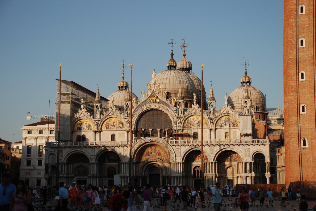 离开佛罗伦萨此次经过调整后的旅程,将罗马的住宿增加到了5晚,佛罗伦萨增加到3晚,而只好将威尼斯压缩到1晚,其实就是过路的中转站。 在佛罗伦萨还是留下了不少遗憾,包括有米开朗基罗和其他巨匠墓的圣十字教堂,布鲁内莱斯基设计的美第齐家族礼拜堂和里面的很多有价值的艺术品,有多纳泰罗的大卫的巴杰罗艺术馆,还有缤纷的时尚专卖店以及我们门口的Gucci院子等等,留待我们下次去填补吧。佛罗伦萨是个散发着无穷魅力的小城市,她最先在黑暗的中世纪觉醒,以孜孜的原动力创造了如此丰富的艺术佳作,望望城市中的有着无数故事的每一处角落,无法抵挡她的那种吸引。 一早,收拾行囊出发,看到在禁停区我们的欧宝仍然在那里,心里不禁放下一口气。其实也是,就冲意大利这样的慵懒劲,天相信警察叔叔会在早上8点以前上班去拖满大街的违章停车。 麦德龙的好心人约250KM的高速,其中大片的托斯卡纳山区风景,倒也宜人。中午前到达了威尼斯,上岛前的一个环岛居然转错了,不过也恰好让我们看到了麦德龙(Metro)而可以停下补充一下给养。一进去,果然和国内麦德龙相似,高大的货架,宽敞的空间,顾客并不多,而我马上意识到一个问题――国内麦德龙是只对商务会员开放的。问了一圈,好不容易有一个雇员懂英语,果然,这里不是Free Market,需要专业会员卡。在付款台听见我们和雇员谈话的一个大叔,了解了我们的窘境,微笑着说,这样吧,我借你们我的卡。呵呵,猪头有难总有贵人相助。感谢热情的意大利人呀! 加油通过一个长桥后,从大陆驶向了威尼斯本岛,在威尼斯岛上无法开车,只能坐船,之后是火车到因斯布鲁克,所以我们上岛后就要还车了。还车之前最好加满油箱,用Tomtom很快找到了一个加油站,有两排油枪,一排是自助――便宜,一排是人工――稍贵,当然选择自助了,而且此时工人也下班午休了。但是鼓捣自助加油机时又碰到了意外,我们之前站着一个苦脸大哥,也是从Avis租了车,准备加油后还回去,结果自助加油后没有找钱,看样子还不少,只好死等服务人员上班,而且也把加油机给锁住了。门上写着2:30上班。我们索性在加油站吃起了超市买的午餐。餐间,无数老外开着车捣鼓加油,无果而离开。眼看吃完饭,也2:30多了,也没见人来,这时另外一个人说,这边另外一个门上写着3点上班,吼吼。此时,Tomtom起了作用,指出岛上几十米开外还有一处,顺利加油还车。 还车后准备到旁边的旅游信息中心Information问一下,里面除了一个胖大姐傲慢地坐着,空无一个游客。非常不热情,也没有提供什么有用信息,这是威尼斯给我们的第一个不好的印象。 之后,就是在大太阳底下我们5个人拖着大包小包,走了几站地到今天的Basilea旅馆,其实还不是太远,不过因为天热,街上全是游人,领导已经有点坚持不住了。到了旅馆,倒是一个比较安静的小河边,推开窗户就是河,另外一个屋子窗外是一个漂亮的花园。 买了24小时的船票,感觉威尼斯就是什么都贵,要15欧一人,可以自由乘坐岛上的所有公交船、车。而威尼斯的公交船和10年前北京的公共汽车一样脏,玻璃上仿佛镶嵌壁画般是从没有擦过的污渍,几乎无法看到外面的景致,真不知这样的地方也能接待如此之多的游客。传说中的贡都拉倒是不错,那是相当于出租车,而且是奔驰一挡的,坐一次要70、80欧,看来要风情是要有高代价的。 也许我们太匆匆了,缺乏了闲暇的心情去欣赏和体会它的特殊之处,所以更少了对它的好感。 漫无目的地坐着船到丽都岛,然后到回到主岛的圣马可广场。威尼斯的教堂确实有点特别,圆顶带有一些伊斯兰的风格,有点异国味道。圣马可广场其实还不错,但是就是有点装饰过度的俗气。包括大教堂的前脸,包括广场四周的装饰柱墙,有点稍微超过美感的,而显得装饰元素拥挤。 圣马可广场圣马可广场的鸽子此时已经欣欣向荣,和广场上拥挤的人群数量不相上下。而且鸽子都不怕人,专等着人来喂。胆小的青青也禁不住诱惑,买了包鸽子食,放在手里等鸽子啄食。而我们坐在广场的尽头廊下,也算悠闲,太阳将落,光线柔和。 向回走去,路旁尽是手工艺和纪念品的摊铺,比较有特色的就是面具和玻璃制品。色彩艳丽,样式缤纷。 晚上回到旅馆,和前台要了些冰块,就着我们没喝完的葡萄酒和今天在麦德龙买的啤酒,畅饮起来。小酒一喝,还真有点轻飘飘的,呵呵。 10:30,趁着小酒风,我们走到火车站前,本想看看晚上是否可以坐船沿这大运河一游,结果发现这个时间的船比白天还挤,人都站着。其实喜欢威尼斯的人还是不少,威尼斯这里也曾有过辉煌的历史,也出过杰出的艺术家,例如我们喜欢的提香。但是需要有充分的时间和悠闲的心情,我们这么匆匆路过确实很难体会了。 另外,过于集中的游人,也使得威尼斯稍显得拥挤而喧闹。
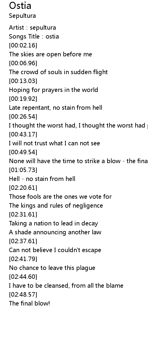 | [02:45.48] | I have to be cleansed, from all the blame |
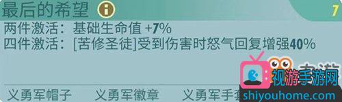 配件方面,首要推荐义勇军套装,首先配件套装自带的受攻击回怒效果配合药剂师配件可以极大的保证西恩快速的释放技能实现高额输出。
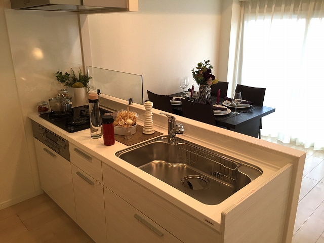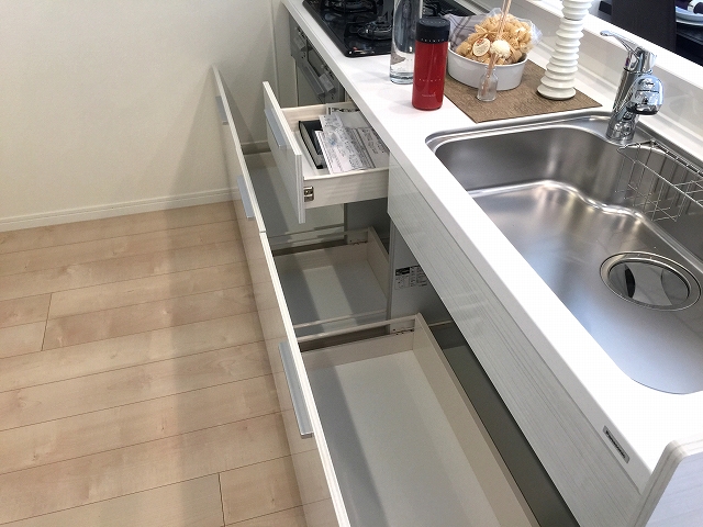 対面式ですので上部の収納はありませんが、シンク下の収納は、スライド式なのでキッチングッズの収納も楽々 (●´∀`)配管を気にせず収納できるので大容量。
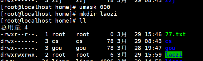 新建目錄laozi權(quán)限為所有人可讀可寫(xiě)可執(zhí)行umask 000mkdir laozi
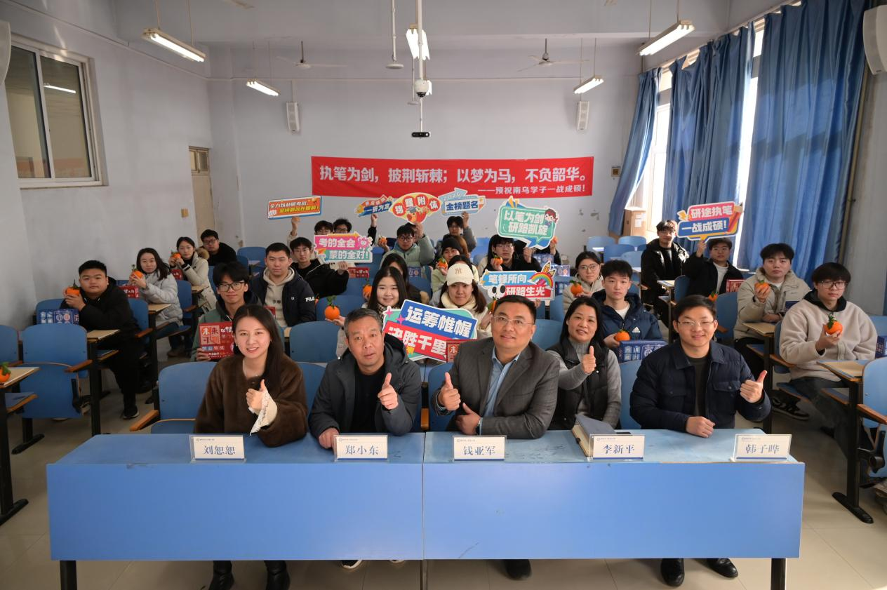 钱亚军在总结讲话中深情回顾了同学们备考以来的辛勤付出,并送上真诚寄语:一要坚定必胜信心,保持“舍我其谁”的昂扬斗志;二要科学安排时间,做到劳逸结合,始终保持最佳状态;三要维持平和心态,沉着冷静,学会与压力共处,以平常心看待考试。他表示,学院始终是同学们的坚强后盾,并衷心祝愿大家心想事成、金榜题名、成功“上岸”!

__TASK BRIEF__
Copy nothing but the lines from the line that contains "新建目錄laozi權(quán)限為所有人可讀可寫(xiě)可執(zhí)行umask 000mkdir laozi" through the end of the listing, exactly, and keep pictures out of it.

__ANSWER TO THIS TASK__
 新建目錄laozi權(quán)限為所有人可讀可寫(xiě)可執(zhí)行umask 000mkdir laozi
 钱亚军在总结讲话中深情回顾了同学们备考以来的辛勤付出,并送上真诚寄语:一要坚定必胜信心,保持“舍我其谁”的昂扬斗志;二要科学安排时间,做到劳逸结合,始终保持最佳状态;三要维持平和心态,沉着冷静,学会与压力共处,以平常心看待考试。他表示,学院始终是同学们的坚强后盾,并衷心祝愿大家心想事成、金榜题名、成功“上岸”!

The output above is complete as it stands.